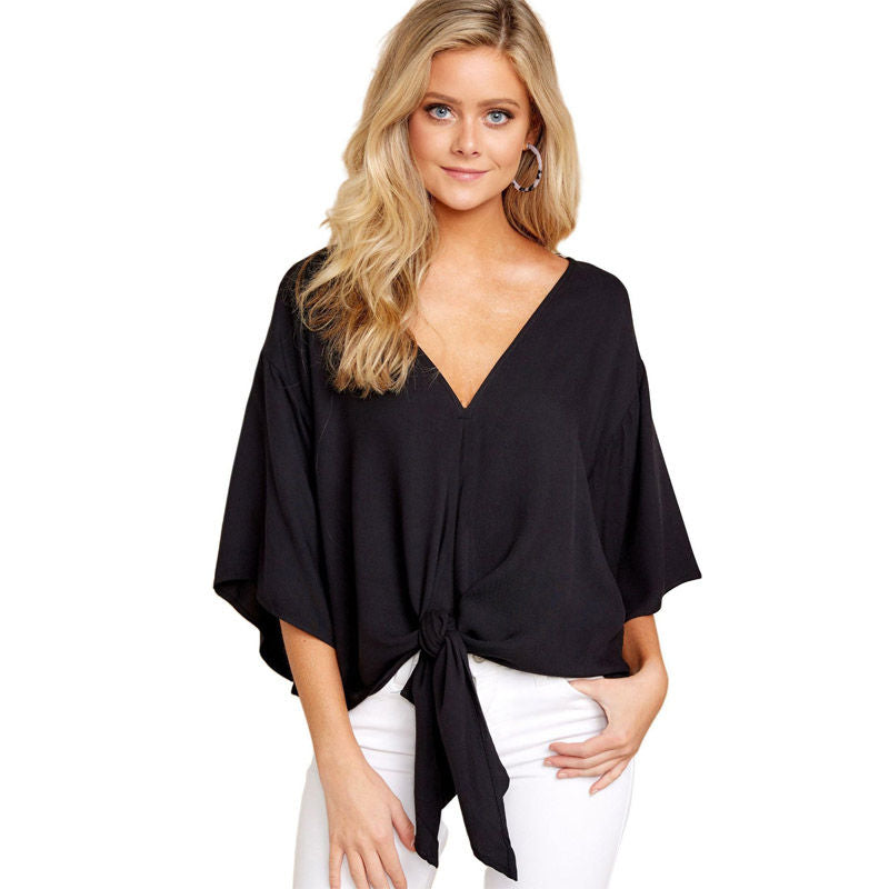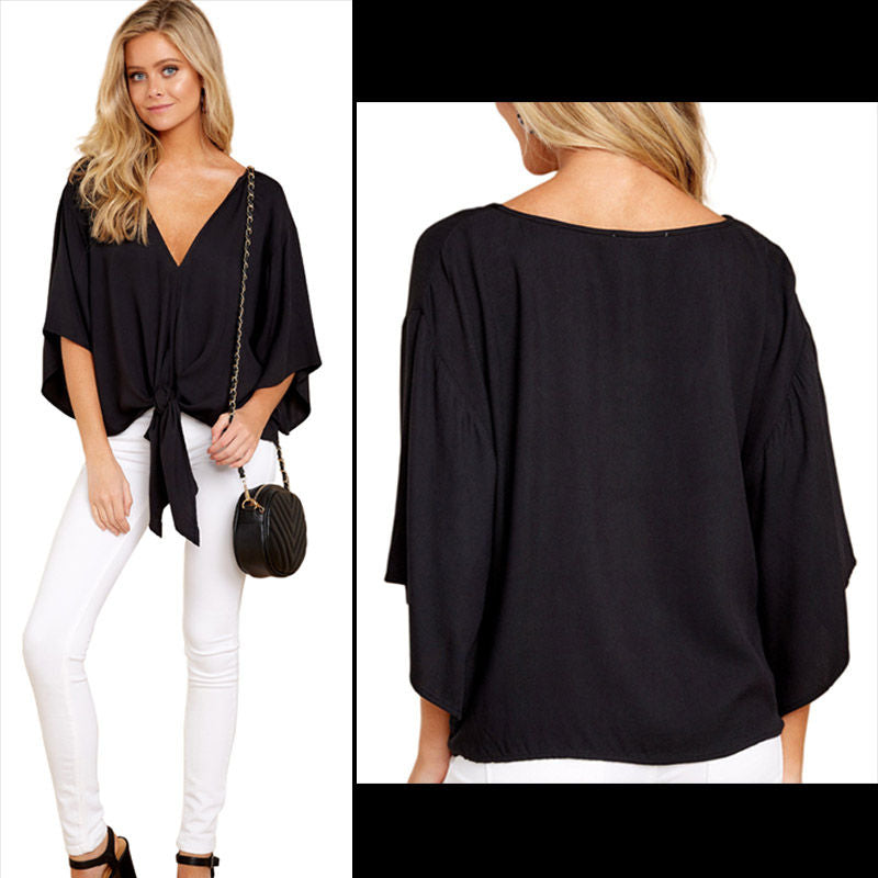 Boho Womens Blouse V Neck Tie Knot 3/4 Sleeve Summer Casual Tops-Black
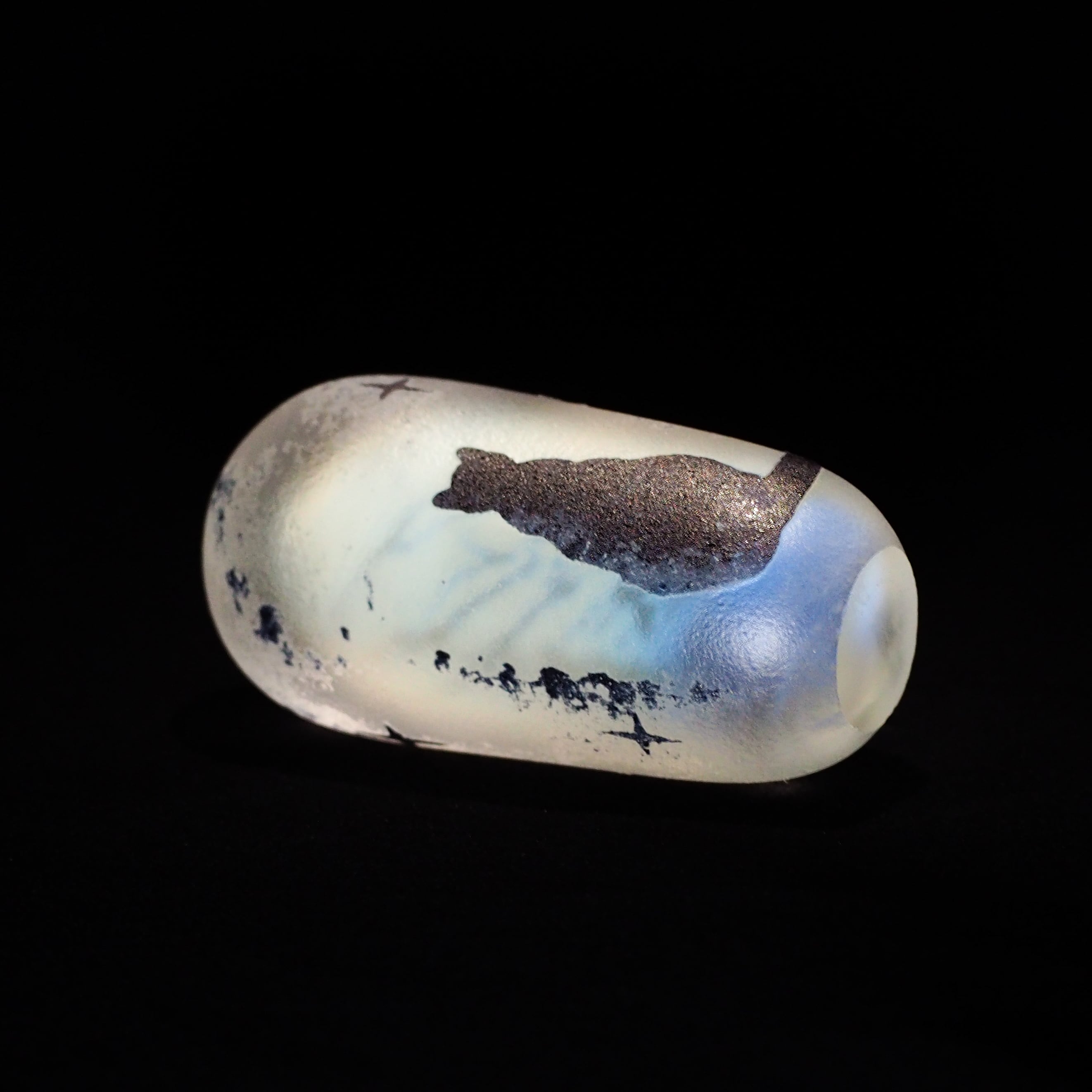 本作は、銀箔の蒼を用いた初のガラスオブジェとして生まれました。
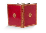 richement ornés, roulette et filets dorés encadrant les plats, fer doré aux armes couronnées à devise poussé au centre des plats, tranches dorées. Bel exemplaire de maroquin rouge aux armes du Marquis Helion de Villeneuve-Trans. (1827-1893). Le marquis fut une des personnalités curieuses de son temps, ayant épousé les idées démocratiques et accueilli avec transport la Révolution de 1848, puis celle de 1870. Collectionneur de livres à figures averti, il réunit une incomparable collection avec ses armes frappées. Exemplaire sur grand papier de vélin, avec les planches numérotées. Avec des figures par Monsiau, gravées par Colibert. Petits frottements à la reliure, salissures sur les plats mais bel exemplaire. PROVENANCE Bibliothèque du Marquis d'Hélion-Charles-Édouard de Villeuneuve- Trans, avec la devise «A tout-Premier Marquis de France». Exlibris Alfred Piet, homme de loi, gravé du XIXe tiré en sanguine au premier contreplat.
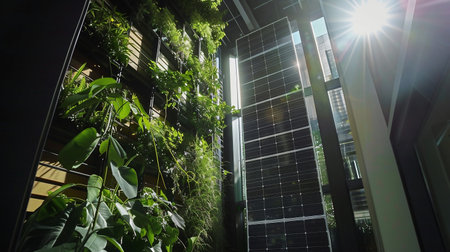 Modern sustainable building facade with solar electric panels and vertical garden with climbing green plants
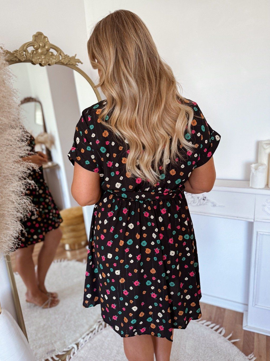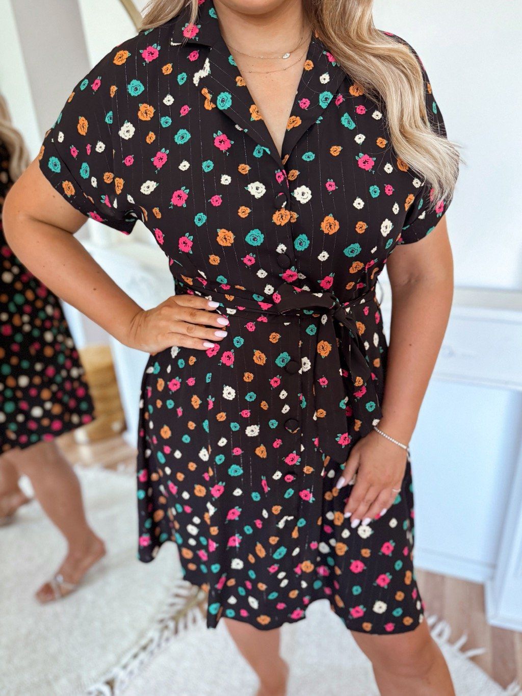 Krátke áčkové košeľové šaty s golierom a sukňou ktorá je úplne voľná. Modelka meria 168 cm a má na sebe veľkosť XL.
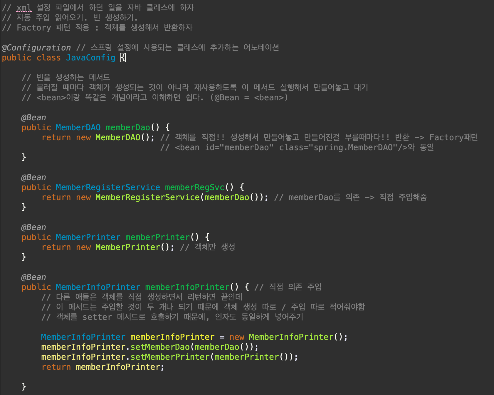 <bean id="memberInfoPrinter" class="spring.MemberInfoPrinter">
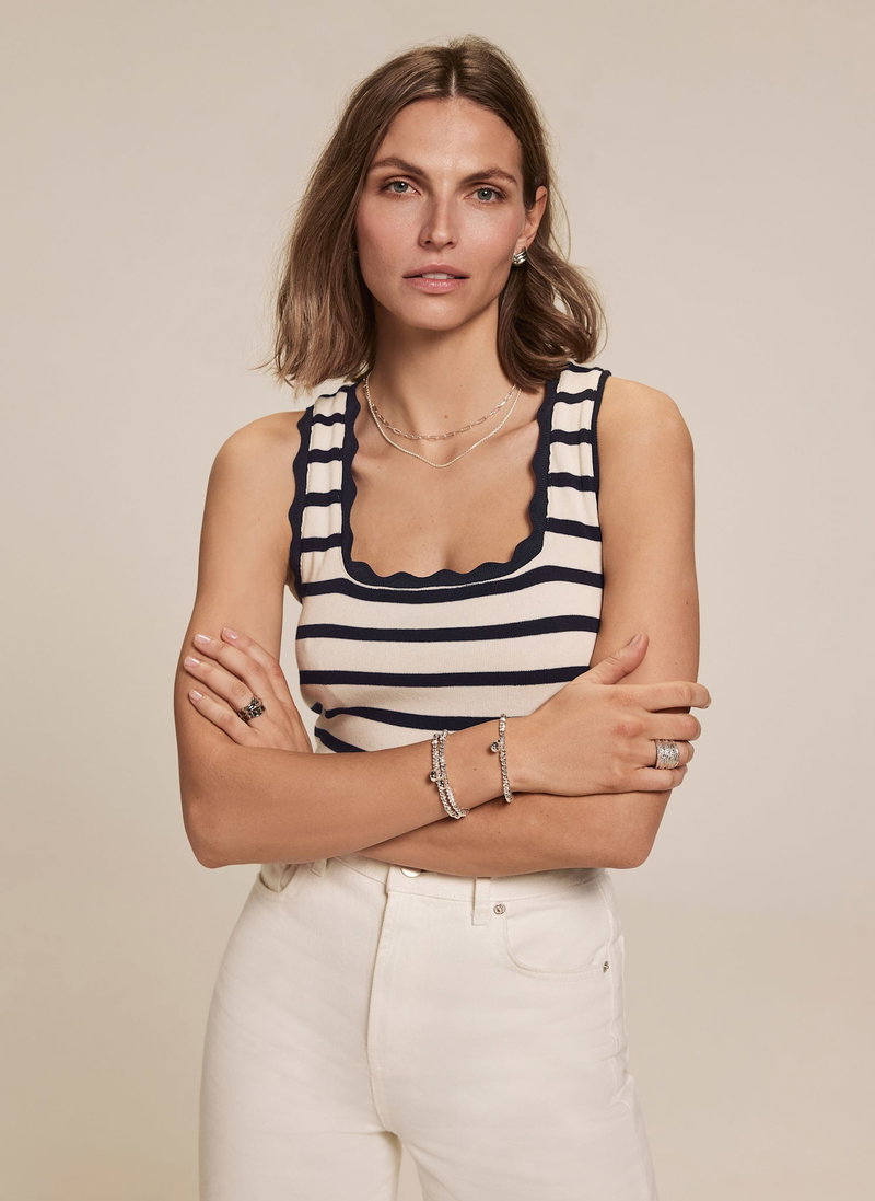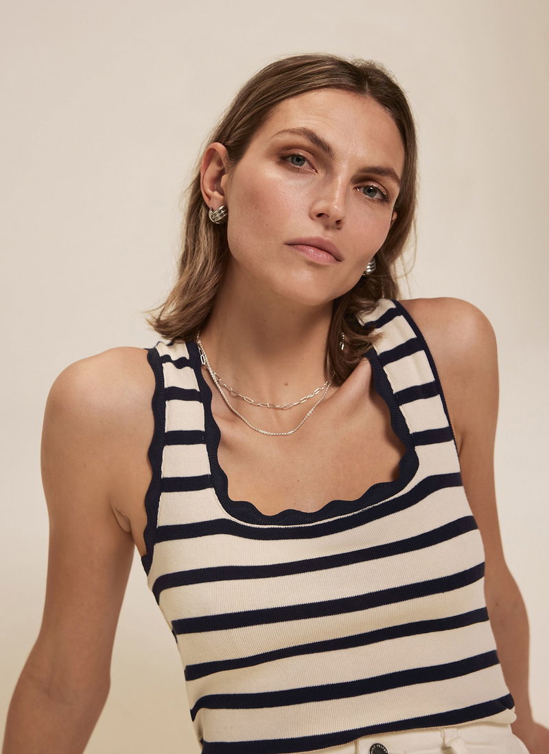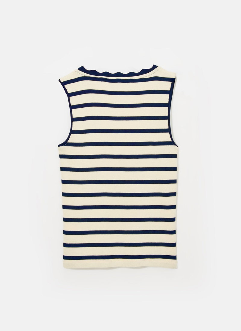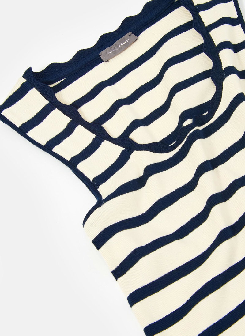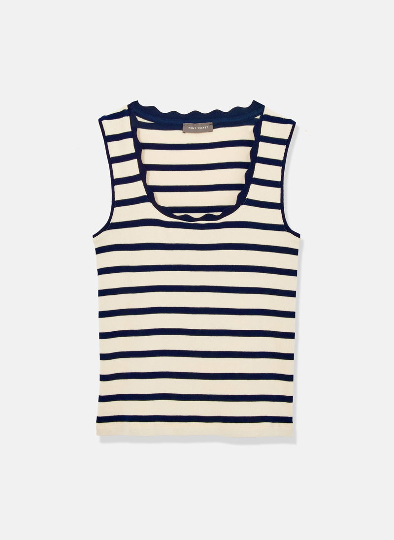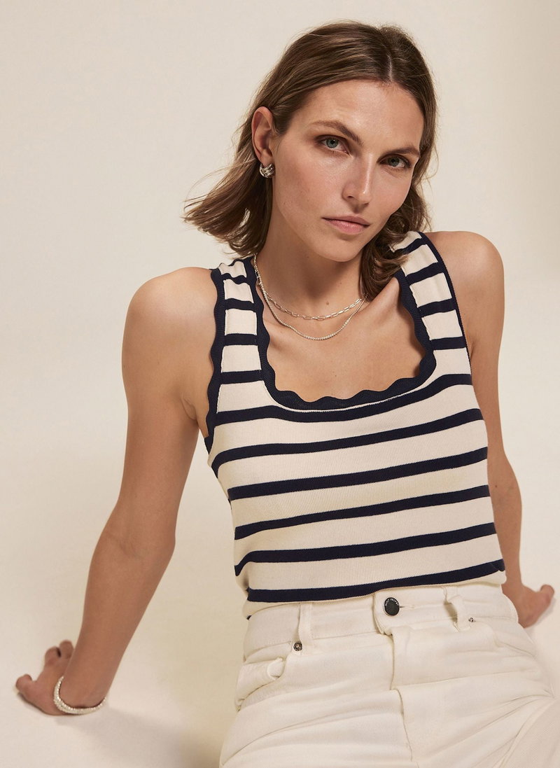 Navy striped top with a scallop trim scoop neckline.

- [TASK OBJECTIVE] Retype exactly the lines from the line containing "Modern sustainable building" through the end of the entries above, including both ends, and leave every picture out.

- [SOLUTION FOR THIS PROBLEM]
 Modern sustainable building facade with solar electric panels and vertical garden with climbing green plants
 Krátke áčkové košeľové šaty s golierom a sukňou ktorá je úplne voľná. Modelka meria 168 cm a má na sebe veľkosť XL.
 <bean id="memberInfoPrinter" class="spring.MemberInfoPrinter">
 Navy striped top with a scallop trim scoop neckline.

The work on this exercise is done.